A regular relationship... in an irregular world.

Saturday, December 02, 2006

Where's my minority button?

Bliss: weekend mornings cuddled in bed, coffee, NY Times, the cat (who, at 18.5 lbs, we have affectionately nicknamed "fatgirl") curled between us. Our second floor window looks out on a magnolia tree, and beyond that, an elementary school. It's almost noon. Ms. and I are tired after a long day yesterday riding Space Mountain at Disneyland. Life could be worse.
Between the Matterhorn Bobsleds and Splash Mountain Ms. asked me, "Do you think it's weird for people to see two girls holding hands?" I didn't think so, but in truth, I had been wondering the same thing. Did we attract more attention here, surrounded by a genuinely diverse crowd of American and international tourists, than we did in our Los Angeles bubble? For whatever reason, it felt so. "I think it's good," she said. "They see us, they see we're normal."
That's true, it is good, it's a large part of why we write this blog.
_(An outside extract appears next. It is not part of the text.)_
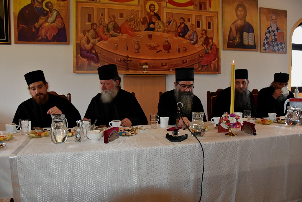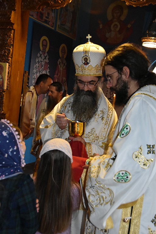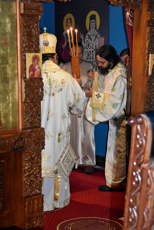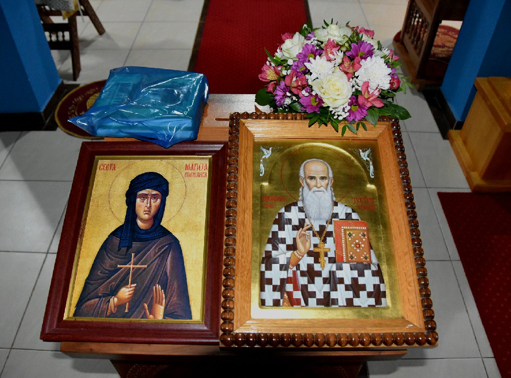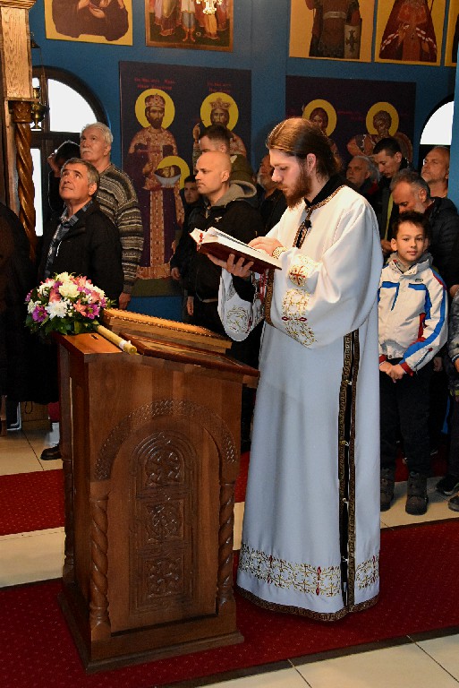 Након Литургије протојереј Жељко Марић је извршио чин резања славског колача и благосиљања жита које су у част Свете Марије Египћанке принели њени славари Владика Наум (уредник Информативне службе Епархије рашко-призренске у егзилу) и његови сарадници.

But part of me wants to know when we get to stop demonstrating "normal" and get to just BE normal. Taking up a social cause is admirable when you're not also living the cause. When you're living the cause it can feel obligatory. This is not to discount the likes of African Americans fighting civil rights violations or Hispanic Americans leading protests against backwards immigration policy. To stand against discrimination is a laudable thing. But is would be a helluva lot easier to be able to turn off your minority factor sometimes. When Ms. puts her arm around me on The Haunted Mansion ride it's not because we're trying to make a statement to the Midwestern family sitting behind us. It's because I'm terrified of spiders.